Cole McWard was quietly very consistent for Abbotsford this past season. Assuming the Canucks re-sign him, I think he can give the Canucks a few games here and there as a number eight on the depth chart.
These are pure “vibe” picks, but I think Lekkerimäki and Pettersson (D) will surprise as training camp and earn cups of coffee much sooner than anyone anticipates. Lekkerimäki’ll get the nine-game run to start the season in the NHL based on his shot and forechecking strength alone. Tocchet, Foote, and Gonchar will love Pettersson for his physicality and size. I had thought that the jump from the HockeyAllsvenskan to the AHL would be too much for the 20-year-old, but he played with confidence, picked up a few points, threw some big hits, defended his teammates, blocked a bunch of shifts, and looked solid.

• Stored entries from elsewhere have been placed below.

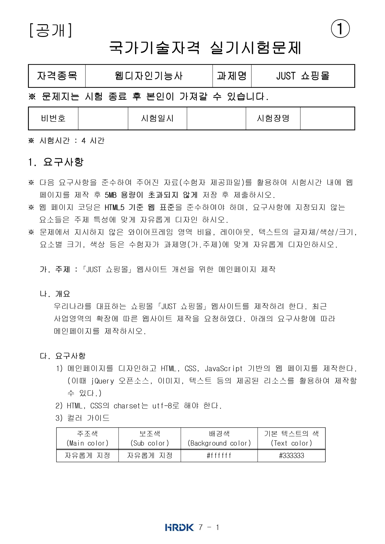 큐넷 홈페이지 공지사항에 있는 웹디자인기능사 실기 공개문제 파일이다.
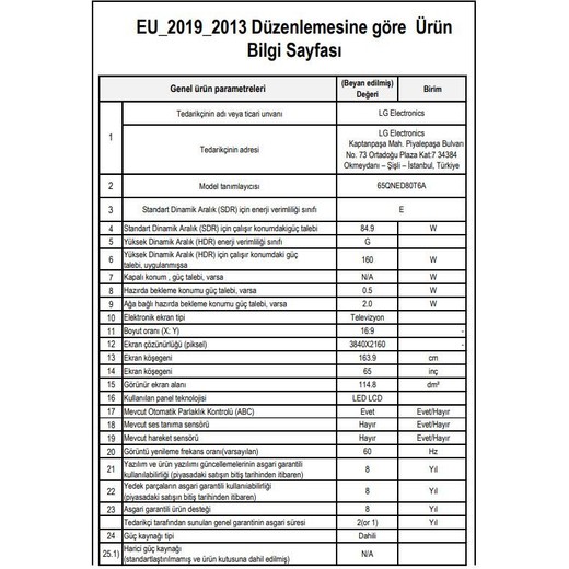 Garanti: LG Türkiye tarafından 2 yıl resmi garantilidir.
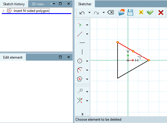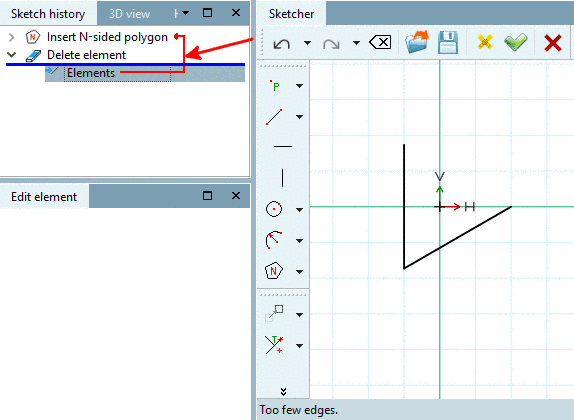 -> The element is removed in the Sketcher, however, in the Sketch history the corresponding Feature will be kept. A relation line from Feature Delete element to Feature of deleted element (see following figure) is created. This relation line is only visible if the subordinated feature is displayed.
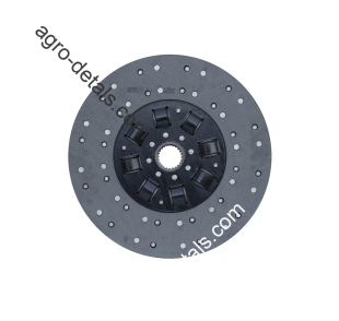 Диск 172.21.024 ведомый муфты главного сцепления с асбестовой накладкой однодисковой лепестковой корзины двигателя ЯМЗ-236,ЯМЗ-238 трактора Т-150,Т-151,Т-156,Т-17221,Т-17021,Т-157,Т150-05-09-25 производства Харьковского тракторного завода ХТЗ.На ведомом диске с двух сторон имеются фрикционные накладки, благодаря которым за счет силы трения ведомый диск принимает на себя вращения от ведущего диска. На ведомом диске имеются также специальные разрезы, чтобы избежать коробления диска в случае сильного нагрева, а также присутствует устройство, называемое гаситель крутильных колебаний. Ведомый диск сцепления – сложносоставная деталь. У него есть своя ступица, которая не имеет жесткой связи с диском. Ступица имеет внутренние шлицы для соединения со шлицами ведущего вала коробки передач, и она устанавливается внутри самого ведомого диска. На одной из сторон ведомого диска устанавливается гаситель крутильных колебаний. На гасителе и самом на ведомом диске заклепками закреплены фрикционные пластины. По обе стороны фланца ступицы и ведомого диска устанавливаются диски гасителя и маслоотражатели. Маслоотражатели, диски гасителя и фланец ступицы соединяются друг с другом заклепками.Таким образом, ведомый диск оказывается свободным и может поворачиваться на некоторый угол относительно ступицы. В дисках гасителя, кольце гасителя и ведомом диске устроены окна, в которые вставляются пружины с опорными пластинами. Пружины находятся в предварительно сжатом, но не до конца, состоянии. Вращение маховика передается на кожух сцепления, а с него на нажимной диск. С нажимного диска вращение за счет трения передается на фрикционные накладки и на стальной диск ведомого диска, далее через пружины гасителя крутильных колебаний на диски гасителя, далее на фланец ступицы, на ступицу и через шлицы на ведущий вал коробки передач. При резком изменении частоты вращения пружины гасителя сжимаются и за счет этого несколько уменьшаются крутильные колебания, что помогает избежать повреждения деталей коробки передач.☎+380954442877,☎+380636896755,✅agro-detals.com
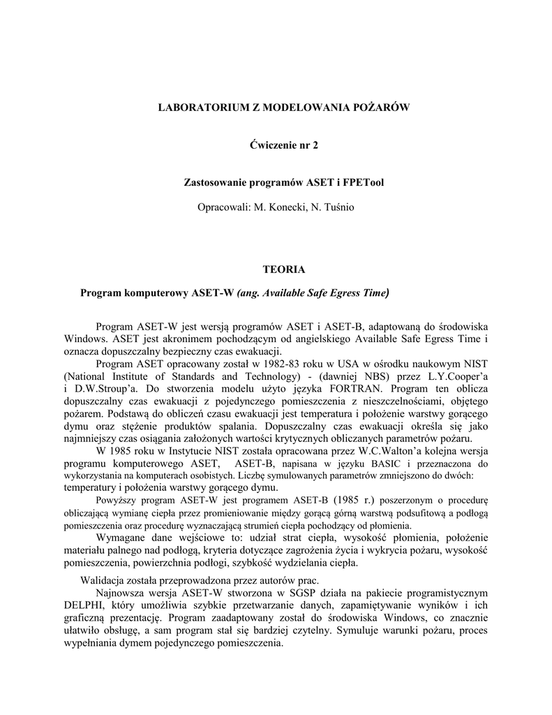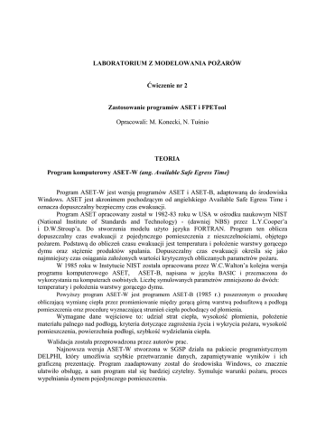 LABORATORIUM Z MODELOWANIA POŻARÓW Ćwiczenie nr 2 Zastosowanie programów ASET i FPETool Opracowali: M. Konecki, N. Tuśnio TEORIA Program komputerowy ASET-W (ang. Available Safe Egress Time) Program ASET-W jest wersją programów ASET i ASET-B, adaptowaną do środowiska Windows. ASET jest akronimem pochodzącym od angielskiego Available Safe Egress Time i oznacza dopuszczalny bezpieczny czas ewakuacji. Program ASET opracowany został w 1982-83 roku w USA w ośrodku naukowym NIST (National Institute of Standards and Technology) - (dawniej NBS) przez L.Y.Cooper’a i D.W.Stroup’a. Do stworzenia modelu użyto języka FORTRAN. Program ten oblicza dopuszczalny czas ewakuacji z pojedynczego pomieszczenia z nieszczelnościami, objętego pożarem. Podstawą do obliczeń czasu ewakuacji jest temperatura i położenie warstwy gorącego dymu oraz stężenie produktów spalania. Dopuszczalny czas ewakuacji określa się jako najmniejszy czas osiągania założonych wartości krytycznych obliczanych parametrów pożaru. W 1985 roku w Instytucie NIST została opracowana przez W.C.Walton’a kolejna wersja programu komputerowego ASET, ASET-B, napisana w języku BASIC i przeznaczona do wykorzystania na komputerach osobistych. Liczbę symulowanych parametrów zmniejszono do dwóch: temperatury i położenia warstwy gorącego dymu. Powyższy program ASET-W jest programem ASET-B (1985 r.) poszerzonym o procedurę obliczającą wymianę ciepła przez promieniowanie między gorącą górną warstwą podsufitową a podłogą pomieszczenia oraz procedurę wyznaczającą strumień ciepła pochodzący od płomienia. Wymagane dane wejściowe to: udział strat ciepła, wysokość płomienia, położenie materiału palnego nad podłogą, kryteria dotyczące zagrożenia życia i wykrycia pożaru, wysokość pomieszczenia, powierzchnia podłogi, szybkość wydzielania ciepła. Walidacja została przeprowadzona przez autorów prac. Najnowsza wersja ASET-W stworzona w SGSP działa na pakiecie programistycznym DELPHI, który umożliwia szybkie przetwarzanie danych, zapamiętywanie wyników i ich graficzną prezentację. Program zaadaptowany został do środowiska Windows, co znacznie ułatwiło obsługę, a sam program stał się bardziej czytelny. Symuluje warunki pożaru, proces wypełniania dymem pojedynczego pomieszczenia. Znaczne ułatwienie w obsłudze stanowi możliwość wybrania wejściowej charakterystyki spalania z listy dostępnych materiałów palnych, powszechnie stosowanych jako materiały wyposażenia wnętrz. Wprowadzone krzywe HRR bazują na rzeczywistych testach ogniowych przeprowadzonych w USA. Otrzymane wartości parametrów pożaru mogą być przenoszone do arkuszy kalkulacyjnych. W formie tabelarycznej otrzymywane są przebiegi czasowe: temperatury warstwy podsufitowej, wysokość warstwy chłodnej, gęstość strumienia ciepła od płomienia, gęstość strumienia ciepła wymienianego w układzie warstwa gorąca- podłoga. Wyniki obliczeń można odwzorować graficznie za pomocą wykresów. Program jako dane wyjściowe traktuje te parametry, które są istotne z punktu widzenia prowadzenia ewakuacji osób z budynku. Dlatego też równania procedury obliczeń odnoszą się do procesów rządzących I fazą rozwoju pożaru. Zestaw programów komputerowych FPETool (ang. Fire Protection Engineering Tool). Program o akronimie FPEtool oznacza narzędzie inżynierskie bezpieczeństwa pożarowego. Stanowi zestaw sprawdzonych narzędzi badawczych w postaci procedur obliczeniowych używanych przez specjalistów w dziedzinie pożarnictwa do oceny dynamiki rozwoju pożaru w pomieszczeniach jak i zagrożenia bezpieczeństwa ludzi znajdujących się w budynku. Obecnie istnieje i jest szeroko dostępnych wiele programów podobnych w swej budowie i założeniach. Program FPEtool jednak jest jednym z najbardziej rozbudowanych a jednocześnie łatwych w obsłudze dla użytkownika. Wyniki otrzymane dzięki niemu są najbardziej zbliżone do otrzymanych w warunkach rzeczywistych pożarów eksperymentalnych, przeprowadzanych w jednym lub w układzie dwóch pomieszczeń. Pozwala również na symulację wpływu tryskacza na moc pożaru jaki i przemieszczającego się dymu w korytarzu. Opublikowana wersja programu 3.2 FPETool została napisana przez S. Deal’a w 1993 r. i opublikowana przez Narodowy Instytut Standardów i Technologii (NIST- USA). Za pomocą modeli programu jest możliwa ocena możliwości przeżycia człowieka poddanego ekspozycji zmiennych warunków pożaru w pomieszczeniu określanych temperaturą dymu i jego toksycznością. Dokumentacja programu jest dostępna w formacie PDF. FPEtool jest kompilacją kilku modułów obliczeniowych: SYSTEM SETUP, FIREFORM, MAKEFIRE, FIRE SIMULATOR, CORRIDOR, 3rd ROOM. SYSTEM SETUP jest programem standardowym. Pozwala użytkownikowi zmienić docelowe miejsce zapisania pliku oraz katalogi źródłowe, zmieniać jednostki operacyjne oraz kolory wyświetlanego obrazu. Używa się systemu SI (system międzynarodowy lub system metryczny) jako domyślnego systemu jednostek. FIREFORM to zestaw procedur zaprojektowanych w celu szybkiego rozwiązywania zagadnień pożarowych o różnych liczbach danych wejściowych. Niżej przykładowe procedury obliczeniowe. Niżej podano przykładowe procedury obliczeniowe opisujące wybrane zjawiska pożarowe. SAMOZAPŁON MATERIAŁU PROMIENIOWANIA CIEPLNEGO WSKUTEK ODDZIAŁYWANIA STRUMIENIA Procedury korelacji doświadczalnych określające moc pożaru (generowanej w strefie spalania), która jest w stanie spowodować samozapłon materiału palnego. Określana jest moc pożaru konieczna do wywołania samozapłonu niepalącego się materiału, który nie ma bezpośredniego kontaktu z płomieniami, ani ze strumieniem ciepła konwekcyjnego. Dane eksperymentalne zapewniają wyznaczenie korelacji między szczytową wartością szybkości wydzielania ciepła z płonącego przedmiotu, a maksymalną odległością do drugiego, nie spalając
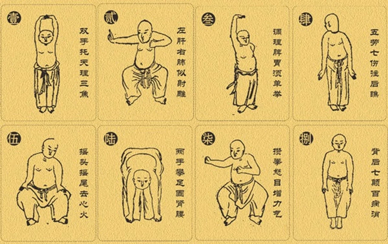 Ba Duan Jin“ (八段錦 – Acht Brokate), einer der ältesten und bekanntesten Qigong-Übungsreihen aus China dargestellt. Von Oben links nach unten rechts:
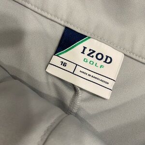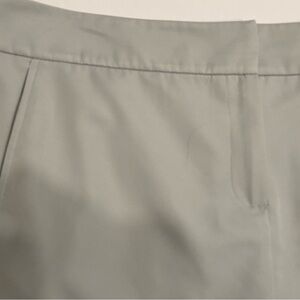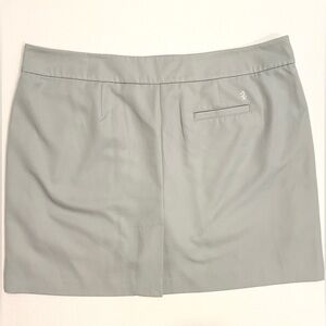 Stylish Izod golf skirt, 18” length. Fly front, side slash pockets with mesh lining. Light gray color. Perfect for golf or as a nicer substitute for shorts for any casual outings.
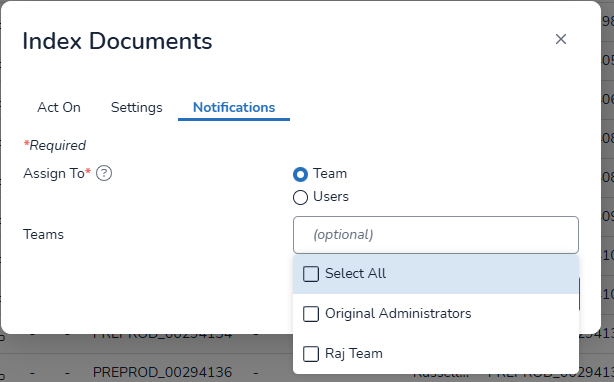 1. Notifications sets who should be updated about the status of the indexing job, selected Team or selected Users.
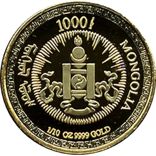 | نوشتههای روی سکه | 1000 ᠲᠥᠭᠦᠷᠢᠭ᠌ ᠮᠤᠩᠭᠤᠯ ᠤᠯᠤᠰ MONGOLIA 1*10 OZ 9999 GOLD (Translation: 1000 Tugriks Monggol Ulus (Mongolia)) |
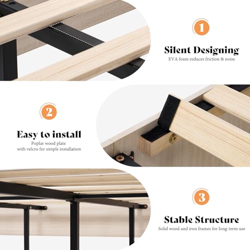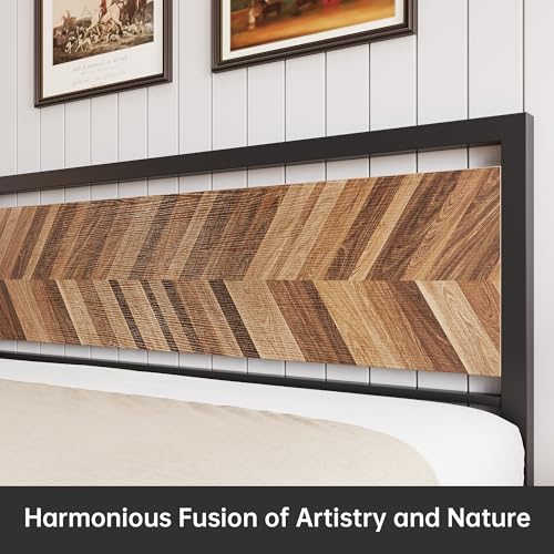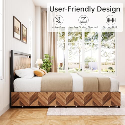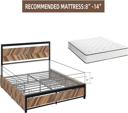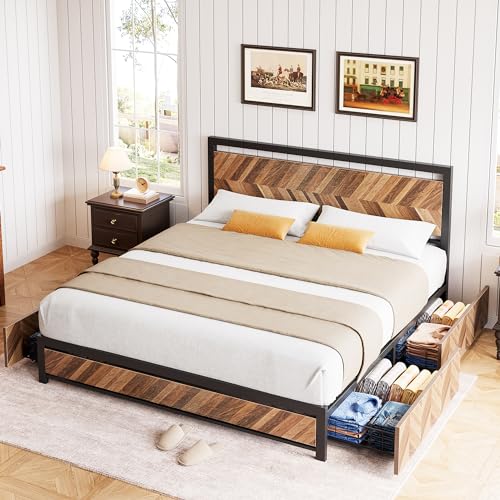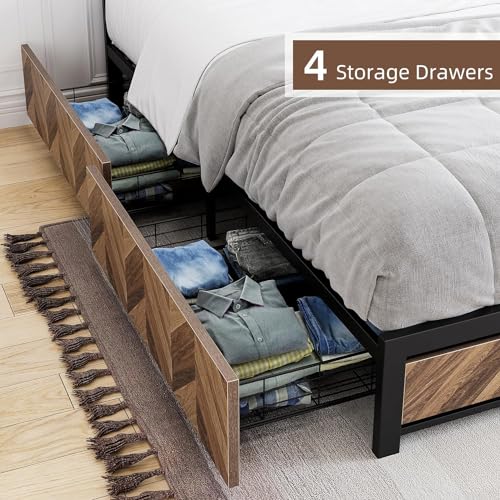 Queen Bed Frame with 4 Storage Drawers, Rustic Vintage Metal Platform Bed Frame with Headboard, Strong Metal Slats Support, No Box Spring Needed, Noise Free, Easy Assemble
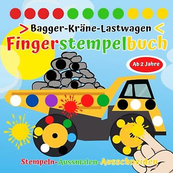 Fingerstempelbuch ab 2 jahre: Fingerstempeln für Kinder ab 2. Fingerfarben Stempelbuch für Jungen.Bagger-Kräne-Lastwagen und Fahrzeuge.Stempeln- Aussmalen- Ausschneiden.
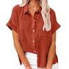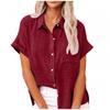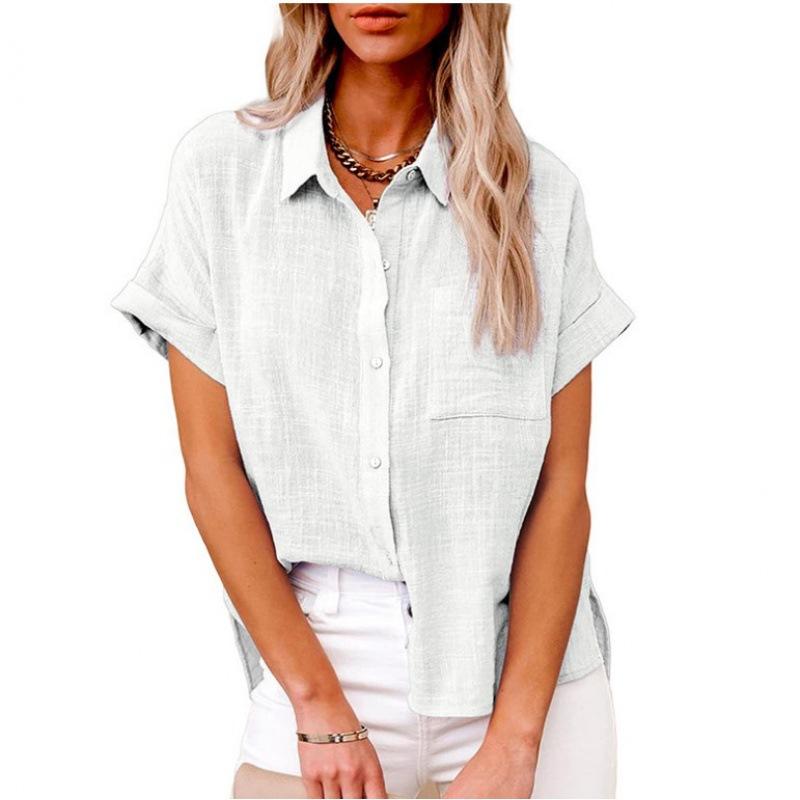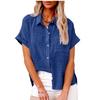 Frauen Sommer Einfarbig Baumwolle Leinen Shirts Revers Kurzarm Button Up Unregelmäßige Tasche Blau Weißes Hemd

My hot take for next season is that Pettersson will get at least one call-up next season.

Playoff series review

If you had to hazard a guess at who was playing with injuries, who would it be?
If you had to hazard a guess at who was playing with injuries, who would it be?
I got Hughes, Petey and I’m sure it’ll come out that Miller was playing with a broken spine or something and was still competing.
— Luc (@lcfrst2) May 21, 2024
Even though Rick Tocchet threw water on the “Pettersson is injured” fire, for some reason, I’d bet we find out he was playing with no bones in his right wrist or something absurd.
If I were ranking players by “likelihood of injury and severity,” my list would go: Dakota Joshua, Quinn Hughes, Elias Pettersson, Filip Hronek, Ian Cole, and lastly, Nikita Zadorov.
Midway through the Nashville series, there was a staggering drop in swagger levels among the Canucks. The sassy Zadorov, who once mocked Evander Kane for complaining to the referees, disappeared quickly in games six and seven. If you told me Dakota Joshua played zero games for the Canucks this playoffs, I’d believe you. Filip Hronek wasn’t even attempting his patented slapshot from hell, so I have to think his wrists turned into jelly at some point toward the end of the regular season.
I’d be shocked if fewer than a handful of players were injured.
As I said, maybe the back-to-back losses were just the club hitting its ceiling and being fatigued beyond belief from having played so many tight, physical one-goal games.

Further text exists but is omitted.